The study done by the National Council for Agricultural and Economic Research (NCAER) suggests that about 80 per cent of India’s rural population and 70 per cent of urban population thrive on less than the recommended levels of calories. It is estimated that by 2025 almost 50 per cent of the Indian population will be residing in urban areas which calls for a substantial shift in the patterns of food cultivation. Since the national average yield of most of the crops is staggeringly low, it is necessary that we bridge the gap between the actual and potential yield through technology transfer so as to ensure food for all.
While it was physical access to food which was important during the first three decades after independence, nowadays the economic access to food has been considered to be more important because of our endemic poverty and the population explosion. By the end of the Ninth Plan India would require about 215 million tonnes of food-grains. But for keeping a food reserve for contingency purposes and for achieving a consistent export target of 5 million tonnes by 2002 AD the demand for food-grains would further grow to 230 million tonnes.

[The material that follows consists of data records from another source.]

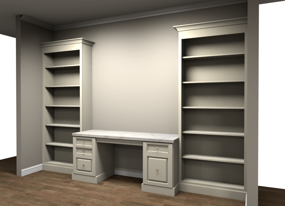 create a hyper realistic photo from this built in desk renderings add books and decor to the bookcases and a chair underneath the desk
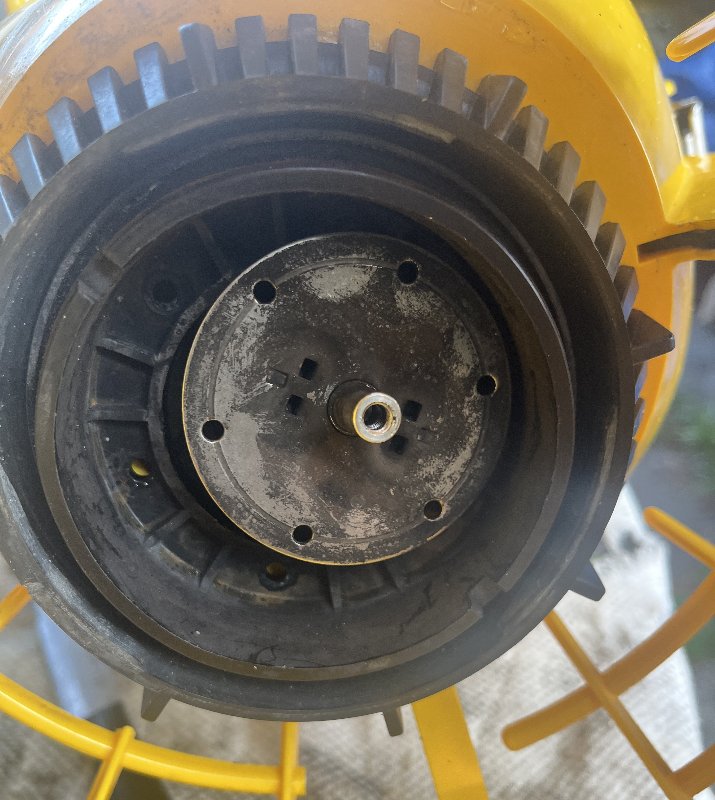 Your pictures don't look like the clutch plate has been removed, the pin should be under the clutch plate, and the shaft doesn't look perpendicular to the center, perhaps you removed the motor housing screws and moved the motor?Hello, replacing wearable items on my AV-1. How do you remove the pin from the motor shaft? I tried giving it a light tap with a punch with no luck.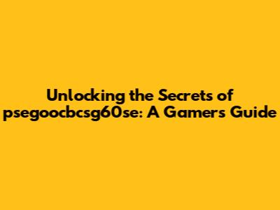 Unlocking The Secrets Of Psegoocbcsg60se: A Gamer's Guide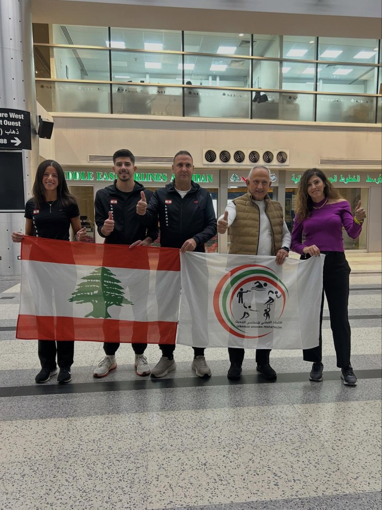 The Lebanese Modern Pentathlon delegation departed this evening for the city of Mossel Bay in South Africa to participate in the Biathle, Triathle, and Laser Run World Championships, taking place from December 8 to 14, 2025.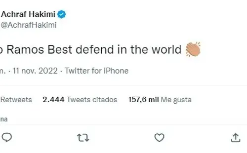 El defensa marroquí, a través de sus redes sociales, solo minutos después de que Luis Enrique anunciara la lista de 26 convocados para el Mundial Qatar 2022, lanzó un mensaje de apoyo para Ramos, al que calificó como el mejor del mundo en su posición.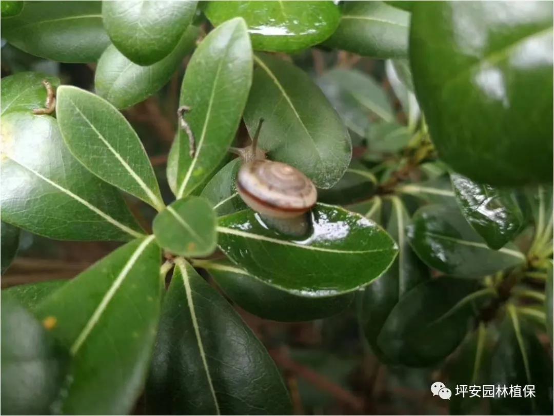 夏天雨后的清晨,在地上、草坪上、樹上均能看到這么一個小動物,它背著自己的小房子往前爬呀爬,在爬行的過程中還對我們的園林植物造成孔洞,缺刻,嚴重時則大面積光桿.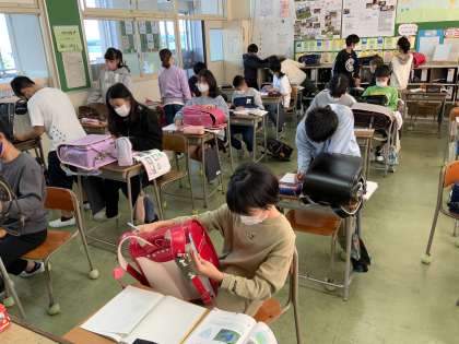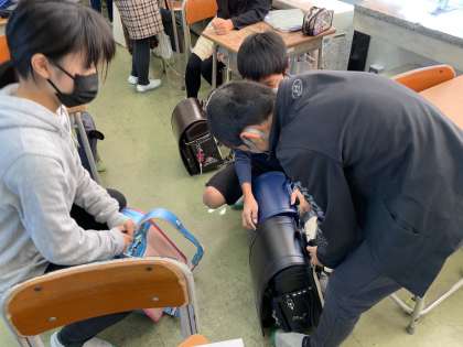 およその体積を求める学習で、自分のランドセルの体積を直方体に見立てて求めました。みんな同じ大きさだと思っていたのが数字で表してみると意外にも差があってびっくり!本当にそんなに差があるのか重ねて比べ合わせました。

Most of the quantitative and qualitative indicators of food security at the household level are linked to the poverty issue. As Amartya Sen (1981) points out, the poor do not have adequate means or entitlements to secure food, even when food is locally or regionally available. It is interesting to note that merely increase in income does not necessarily ensure improved nutritional status. Access to gainful employment, suitable technologies and other productive resources are important factors influencing under-nutrition.